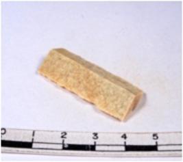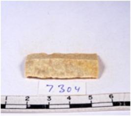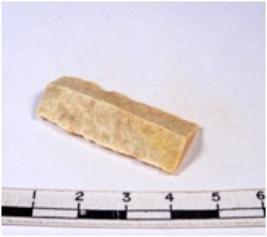 | Description / विवरण | A fragment of a rectangular shaped chert blade showing parallel sides with sharp edges having smooth surface and uneven section. |
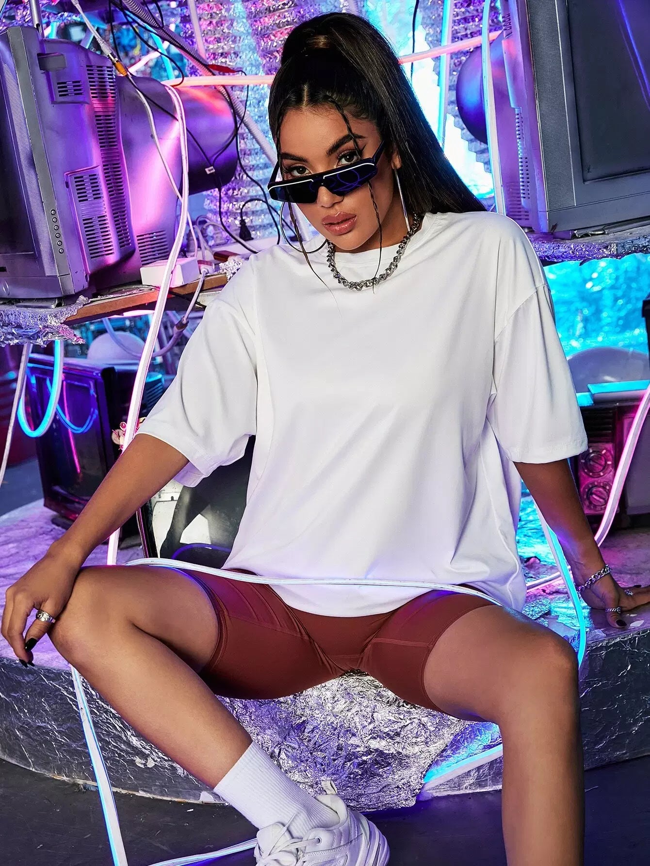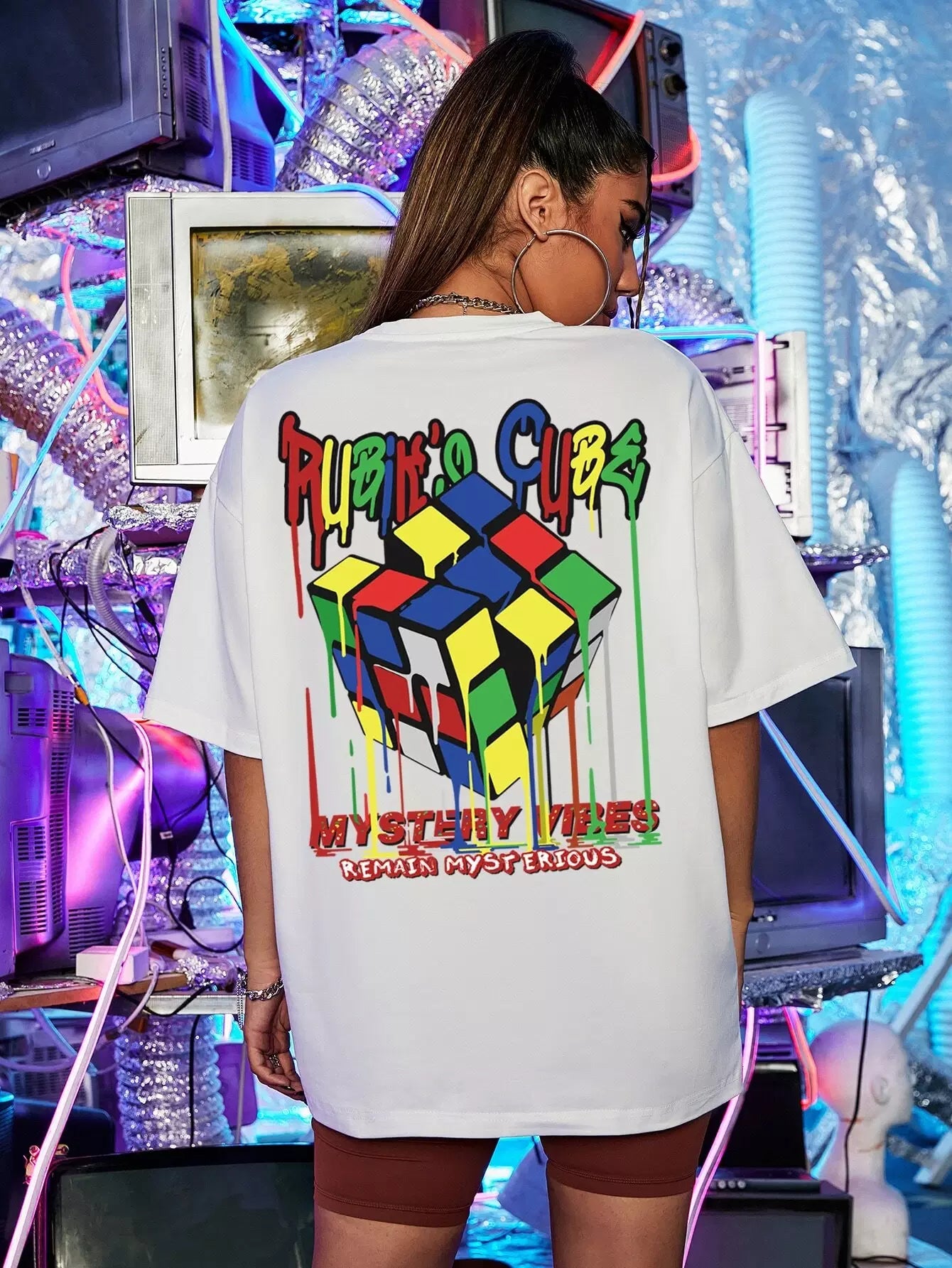 تي شيرت بكتف منسدل برسومات مكعب سحري وأحرف
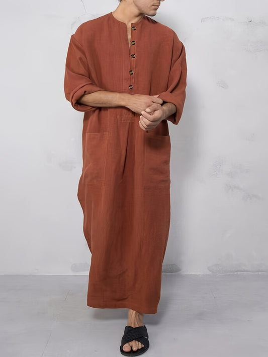 Southeast Asian Men's Loose Striped Round Neck Long Sleeve Muslim Robe Hoodie Pocket Middle Eastern Abaya
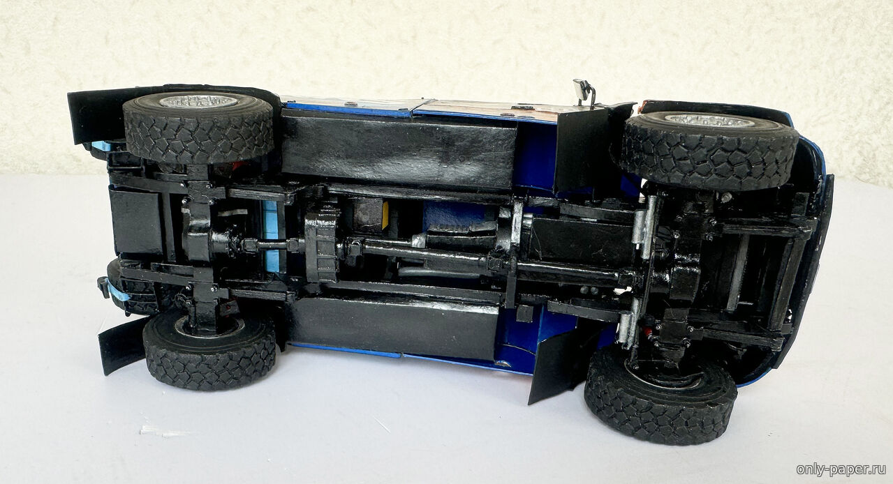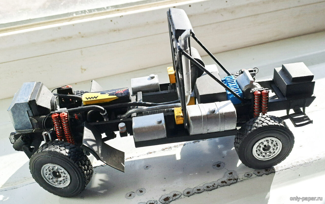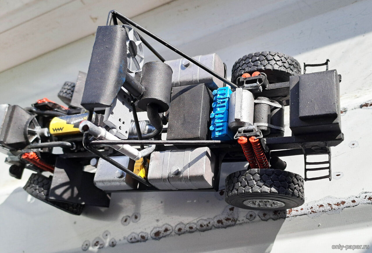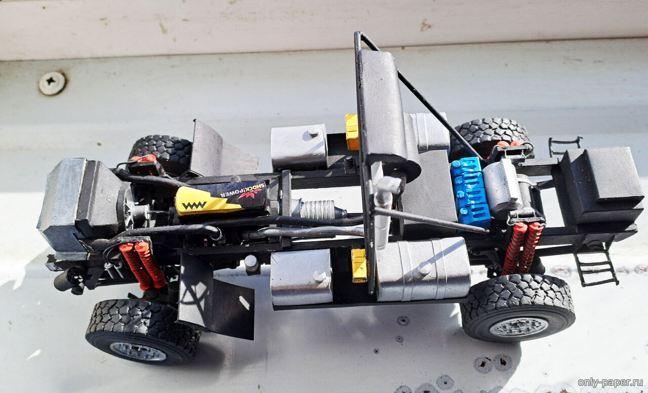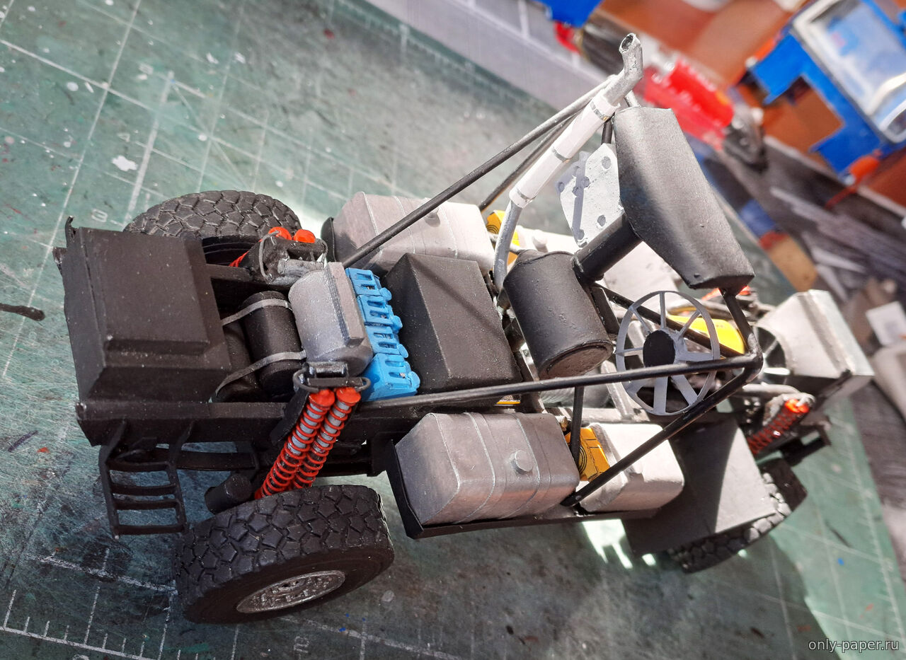 Внутренности, колеса крутятся, передние поворачиваются. Трубопроводы сделал из подходящего провода- в журнале предлагали собрать из бумаги.Раму и колеса покрасил, а верх покрыл лаком.
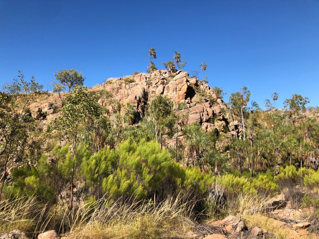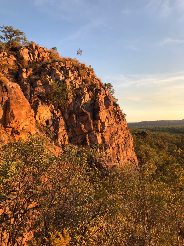 Monday began ( after two espresso coffees , of course) with a pleasant walk up and around the escarpment- memories of our Jatbula Trip three years ago….even insomuch as it was getting a bit toasty as we got back .
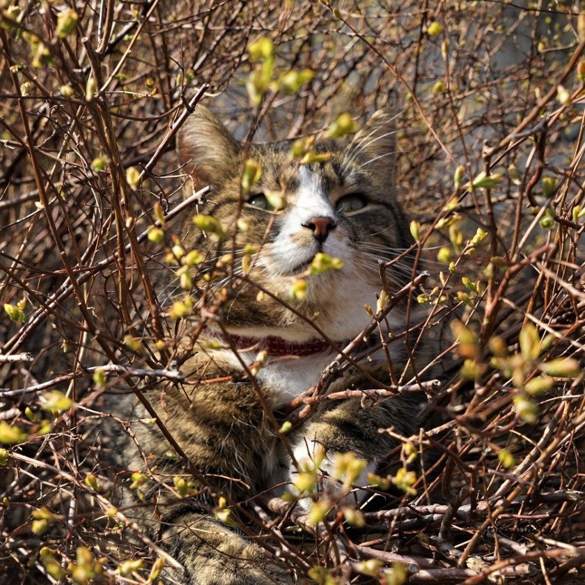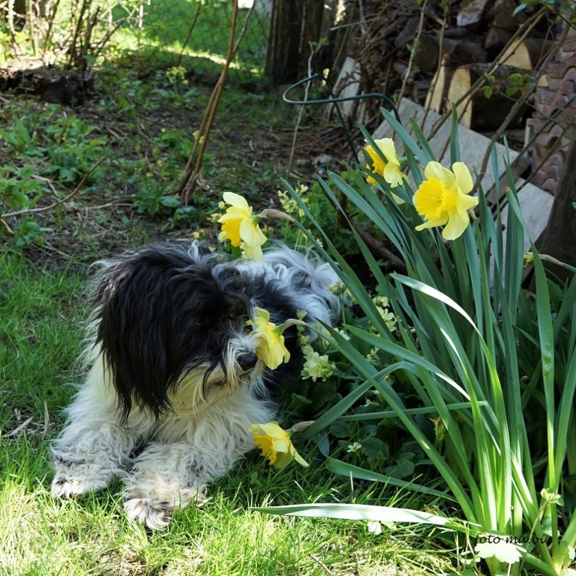 Der April ist zwar schon fortgeschritten, aber im Garten blühen gerade die Narzissen (Sorte Carlton) und so passen die Bilder zum Zustand der Natur. Und Maya liebt ihren versteckten Platz im Spierstrauch. 21. 04. 2023
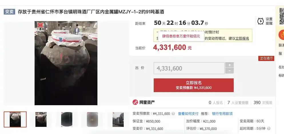 茅台镇一酒厂91吨基酒拍卖,仅1人报名,评估价548万,以373万元成交
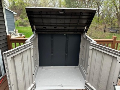 [This review was collected as part of a promotion.] I love the Toomax Stora Way All Weather Outdoor 5' x 3' Storage Shed. Super sturdy storage and strong shed. Easy to open for quick access via hinge top or for full access open the top and front via the 2 hinge front doors. Does have a locking latch to keep pests out and you can add a pad lock for extra security. Very modern and unassuming design will blend in well with most spaces. Fully weather protection for all your tools. Took about 30 minutes to assemble with moderate skill. I would highly recommend it to anyone. The product description was just as described and would buy it again.
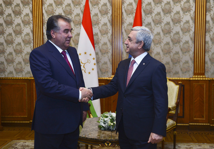 ՀՀ Նախագահը ողջունել է գործընկերոջը մեր երկրում և ընդգծել, որ Հայաստանը հետաքրքրված է զարգացնել բարեկամական, եղբայրական հարաբերությունները Տաջիկստանի հետ: Նշելով, որ հայ-տաջիկական հարաբերությունների ներկայիս մակարդակը չի համապատասխանում ոչ երկու երկրների քաղաքական հարաբերությունների բարձր մակարդակին և ոչ էլ հայ և տաջիկ ժողովուրդների բարեկամությանը, Սերժ Սարգսյանը նկատել է, որ այդուհանդերձ, միջպետական հարաբերությունները զարգացնելու դինամիկա կա, որն անհրաժեշտ է երկուստեք հետևողականորեն խորացնել ու ամրապնդել: ՀՀ Նախագահն ընդգծել է, որ Հայաստանում սիրով սպասում են Էմոմալի Ռահմոնի պաշտոնական այցին, որը համագործակցության նոր և բազմաթիվ պայմանավորվածությունների սկիզբ կհանդիսանա:
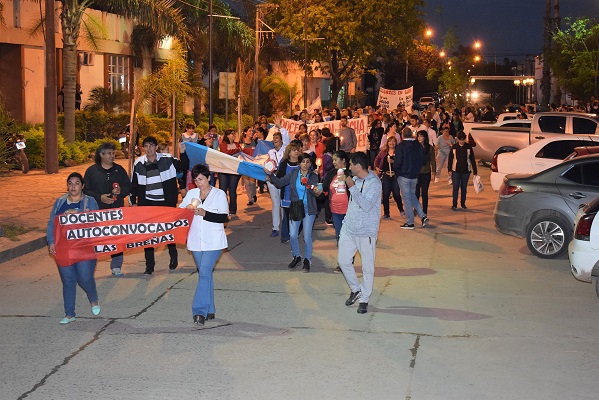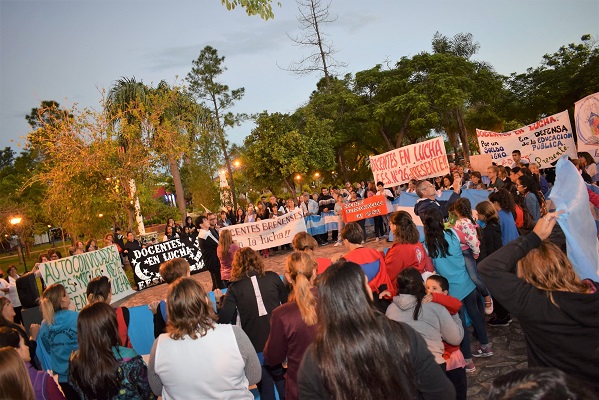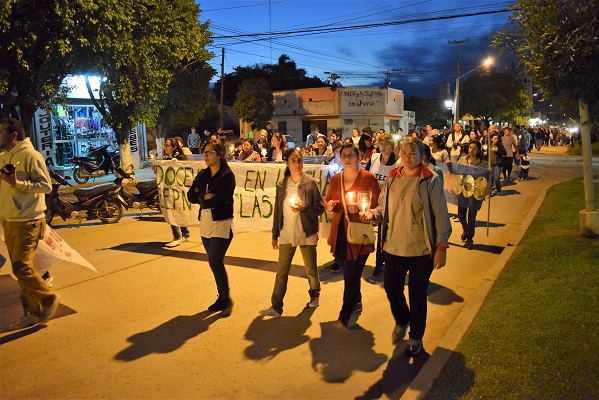 el encuentro comenzó a las 19 hs en el playón cívico de la plaza Sarmiento y, a su término, comenzó la marcha con antorchas, siguiéndole ayer el Banderazo desde las 09:00 en el cruce de Ruta Nacional 89 y Provincial 6 con docentes de toda la zona.
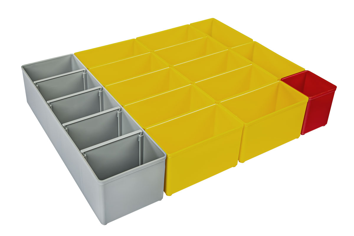 Beide lassen sich ideal mit einem Kleinteileeinsatz mit Mulden in verschiedenen Größen bestücken, die besonders kostenbewusst für Ordnung sorgen. Die farbigen Insetboxen bieten eine nochmals flexiblere und genauso formschlüssige Unterteilungsmöglichkeit für die i-BOXX, LS-Tray und sämtliche anderen BOXXen. In ihnen lassen sich ideal Schrauben und andere Kleinteile vermischungsfrei transportieren und sind dabei stets griffbereit. So wird i-BOXX, als auch LS-Tray zur mobilen Lager- und Aufbewahrungslösung mit Ordnungsgarantie.
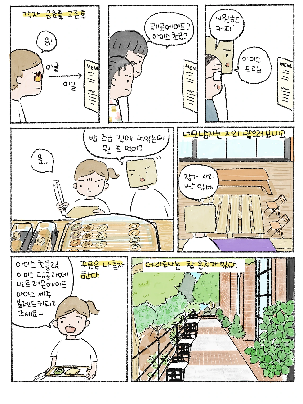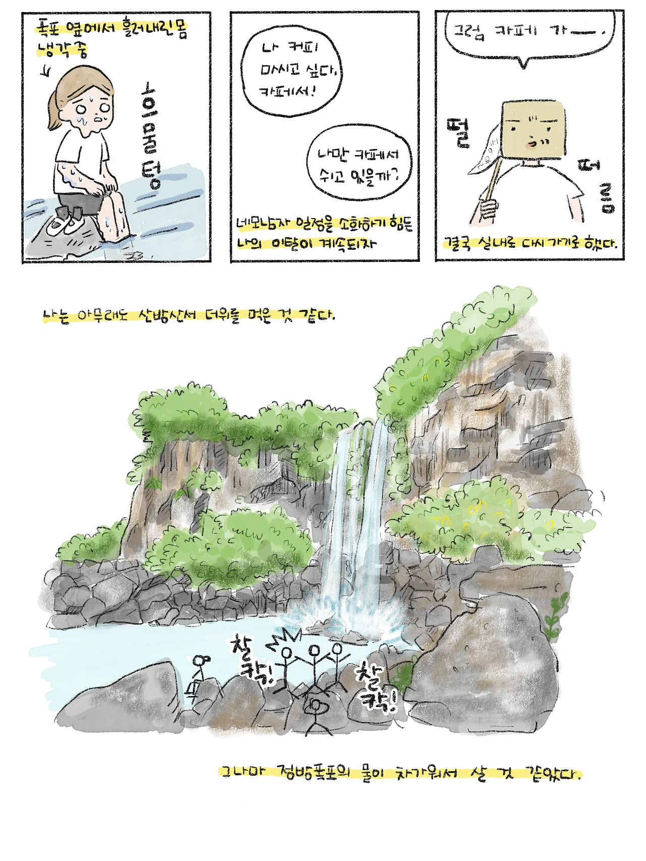 몸이 축축 처지니까 폭포고 뭐고 눈에 들어오지 않아서 늘어져있으니까 다행히 카페에 앉아서 커피 마시기 일정에 네모남자의 동의가 떨어졌습니다.
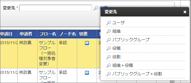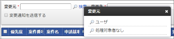 変更先の処理対象者を選択します。「変更先」の右にある「検索」リンクをクリックします。「変更先」を選択するフローティングウィンドウが表示されます。「変更先」は以下を選択できます。
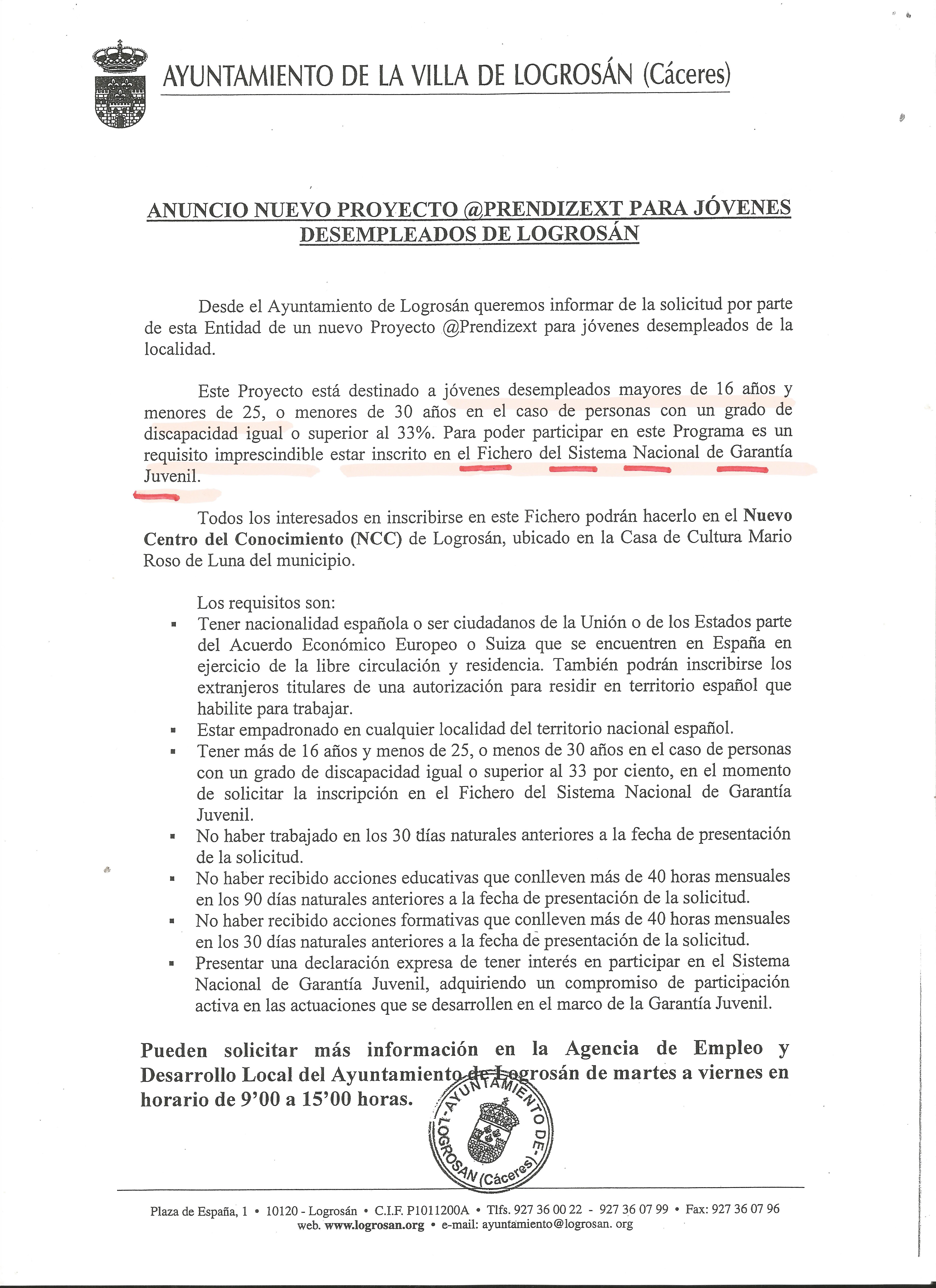 Desde el NCC se ofrece plena colaboración para la gestión del alta e inscripción en el Fichero del Sistema Nacional de Garantía Juvenil, podéis informaros en teléfono 927360815 para pedir cita o directamente en el NCC Casa de Cultura Avda. Hernandez Serrano, s/n. Os esperamos.

#### What is being asked:
Because the pictures are not wanted, retype only the text of every record, exactly as given.

#### Response to the exercise:
 | Description / विवरण | A fragment of a rectangular shaped chert blade showing parallel sides with sharp edges having smooth surface and uneven section. |
 تي شيرت بكتف منسدل برسومات مكعب سحري وأحرف
 Southeast Asian Men's Loose Striped Round Neck Long Sleeve Muslim Robe Hoodie Pocket Middle Eastern Abaya
 Внутренности, колеса крутятся, передние поворачиваются. Трубопроводы сделал из подходящего провода- в журнале предлагали собрать из бумаги.Раму и колеса покрасил, а верх покрыл лаком.
 Monday began ( after two espresso coffees , of course) with a pleasant walk up and around the escarpment- memories of our Jatbula Trip three years ago….even insomuch as it was getting a bit toasty as we got back .
 Der April ist zwar schon fortgeschritten, aber im Garten blühen gerade die Narzissen (Sorte Carlton) und so passen die Bilder zum Zustand der Natur. Und Maya liebt ihren versteckten Platz im Spierstrauch. 21. 04. 2023
 茅台镇一酒厂91吨基酒拍卖,仅1人报名,评估价548万,以373万元成交
 [This review was collected as part of a promotion.] I love the Toomax Stora Way All Weather Outdoor 5' x 3' Storage Shed. Super sturdy storage and strong shed. Easy to open for quick access via hinge top or for full access open the top and front via the 2 hinge front doors. Does have a locking latch to keep pests out and you can add a pad lock for extra security. Very modern and unassuming design will blend in well with most spaces. Fully weather protection for all your tools. Took about 30 minutes to assemble with moderate skill. I would highly recommend it to anyone. The product description was just as described and would buy it again.
 ՀՀ Նախագահը ողջունել է գործընկերոջը մեր երկրում և ընդգծել, որ Հայաստանը հետաքրքրված է զարգացնել բարեկամական, եղբայրական հարաբերությունները Տաջիկստանի հետ: Նշելով, որ հայ-տաջիկական հարաբերությունների ներկայիս մակարդակը չի համապատասխանում ոչ երկու երկրների քաղաքական հարաբերությունների բարձր մակարդակին և ոչ էլ հայ և տաջիկ ժողովուրդների բարեկամությանը, Սերժ Սարգսյանը նկատել է, որ այդուհանդերձ, միջպետական հարաբերությունները զարգացնելու դինամիկա կա, որն անհրաժեշտ է երկուստեք հետևողականորեն խորացնել ու ամրապնդել: ՀՀ Նախագահն ընդգծել է, որ Հայաստանում սիրով սպասում են Էմոմալի Ռահմոնի պաշտոնական այցին, որը համագործակցության նոր և բազմաթիվ պայմանավորվածությունների սկիզբ կհանդիսանա:
 el encuentro comenzó a las 19 hs en el playón cívico de la plaza Sarmiento y, a su término, comenzó la marcha con antorchas, siguiéndole ayer el Banderazo desde las 09:00 en el cruce de Ruta Nacional 89 y Provincial 6 con docentes de toda la zona.
 Beide lassen sich ideal mit einem Kleinteileeinsatz mit Mulden in verschiedenen Größen bestücken, die besonders kostenbewusst für Ordnung sorgen. Die farbigen Insetboxen bieten eine nochmals flexiblere und genauso formschlüssige Unterteilungsmöglichkeit für die i-BOXX, LS-Tray und sämtliche anderen BOXXen. In ihnen lassen sich ideal Schrauben und andere Kleinteile vermischungsfrei transportieren und sind dabei stets griffbereit. So wird i-BOXX, als auch LS-Tray zur mobilen Lager- und Aufbewahrungslösung mit Ordnungsgarantie.
 몸이 축축 처지니까 폭포고 뭐고 눈에 들어오지 않아서 늘어져있으니까 다행히 카페에 앉아서 커피 마시기 일정에 네모남자의 동의가 떨어졌습니다.
 変更先の処理対象者を選択します。「変更先」の右にある「検索」リンクをクリックします。「変更先」を選択するフローティングウィンドウが表示されます。「変更先」は以下を選択できます。
 Desde el NCC se ofrece plena colaboración para la gestión del alta e inscripción en el Fichero del Sistema Nacional de Garantía Juvenil, podéis informaros en teléfono 927360815 para pedir cita o directamente en el NCC Casa de Cultura Avda. Hernandez Serrano, s/n. Os esperamos.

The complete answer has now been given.